2.1.3 | Setting the acceptance system. At the target release time, each target is assigned a prediction time window, which is typically 3 days for servers and 3 weeks for expert groups. RNA structure models are accepted within the specified prediction window via email or dedicated CASP prediction submission webform. The CASP submission system automatically checks submissions for compliance with the deadlines and format requirements and provides feedback to predictors. The prediction format is checked with the same tools used to generate model templates (section 2.1.2). If a prediction is rejected, an error message is sent to the submitter, and they have until the target deadline to fix the reported issue(s) and resubmit. Accepted predictions are stored in the CASP system and eventually evaluated after the target structure becomes available.

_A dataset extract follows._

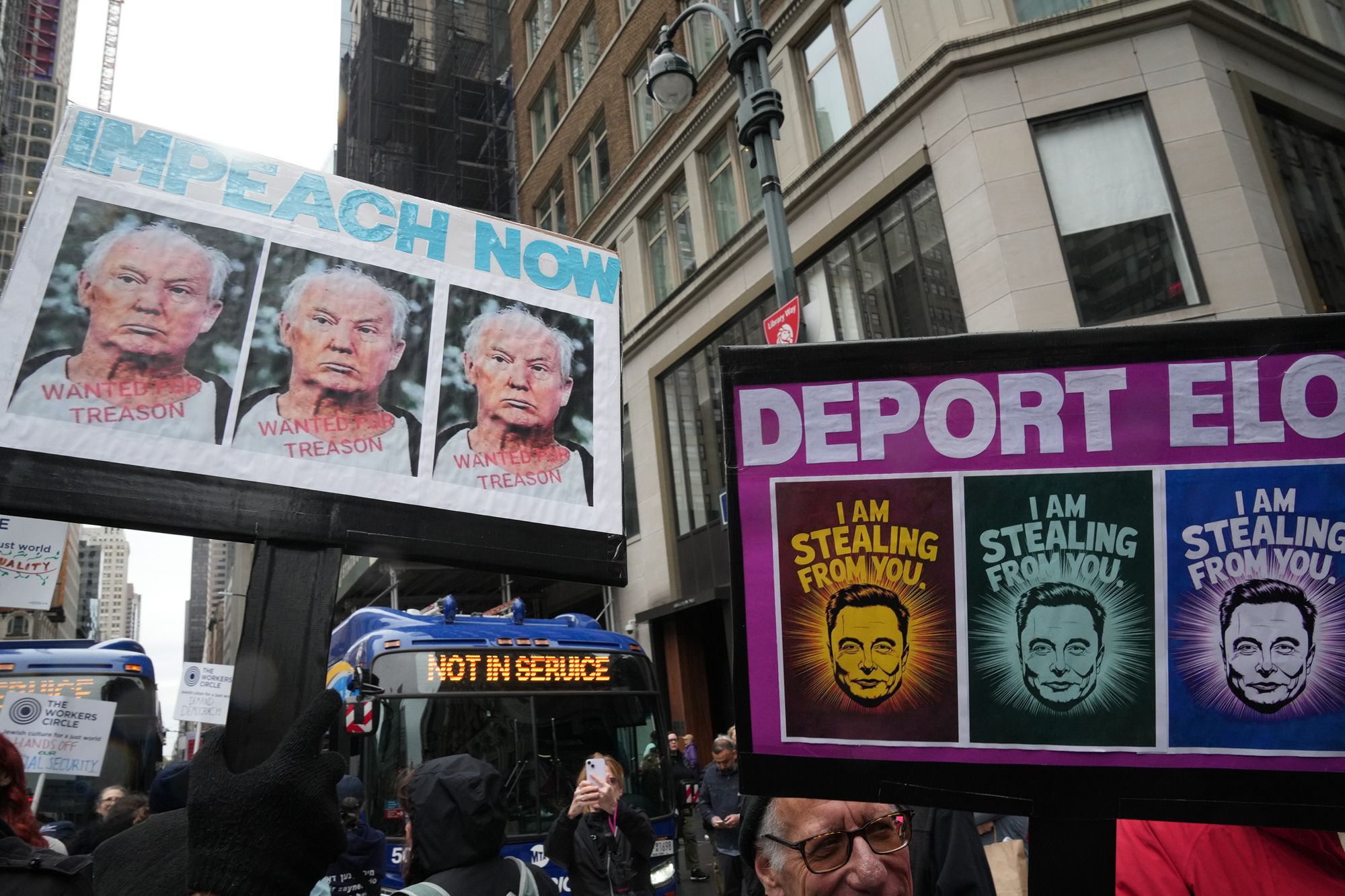 Bryan Smith / ZUMA Press Wire / Scanpix / LETA Протестующие на Пятой авеню с плакатами, призывающими к импичменту Трампа и депортации Маска. 5 апреля 2025 года

The same submission rules apply to other prediction categories discussed further in this paper.
2.1.4 | RNA evaluation measures. Predictions in the RNA category are assessed by checking their geometric plausibility and comparing them with target structures. When alternative target structures were available, given the early stage of RNA modeling, we reported the best score per model. Evaluation measures include Clashscore 15, Root Mean Square Deviation (RMSD)16, Local Distance Difference Test (lDDT)17, Template Modeling score (TM-score) 18, and Global Distance Test - Total Score (GDT-TS)19. These are commonly used measures in protein-CASP evaluation that are also adopted here for RNA evaluation. However, none of these measures are suitable for assessing RNA-specific components, like canonical (G-C, A-U, G-U), non-canonical, and stacking interactions between the nucleobases that contribute to RNA folding and stabilization. Proper prediction of only canonical interactions is usually insufficient to obtain a good model of an RNA molecule (example in Figure 1), while prediction of non-canonical interactions is very valuable but hard to achieve due to high computational demands. We additionally consider an RNA-specific measure, Interaction Network Fidelity (INF)13,20, which evaluates different types of RNA interactions in models. Calculation of these measures requires prior determination of RNA interactions from the atomic coordinates. This is done using 2D structure annotators such as RNAView21, MC-Annotate22, ClaRNA23 or FR3D24, which provide base pairs and their classification25. Given two sets of interactions, one for the model and another for the target, we identify true positives (correctly predicted base pairs), false positives (unpredicted base pairs), and false negatives (incorrectly predicted base pairs), and then calculate the INF score as the Matthews correlation coefficient26. The score ranges from [0.0, 1.0], with higher scores indicating better prediction of base-base interactions. The INF score is determined for all interactions (INF_all), and separately for canonical (Watson-Crick, INF_WC), non-canonical (non-Watson-Crick, INF_nWC), and stacking (INF_stacking) interactions.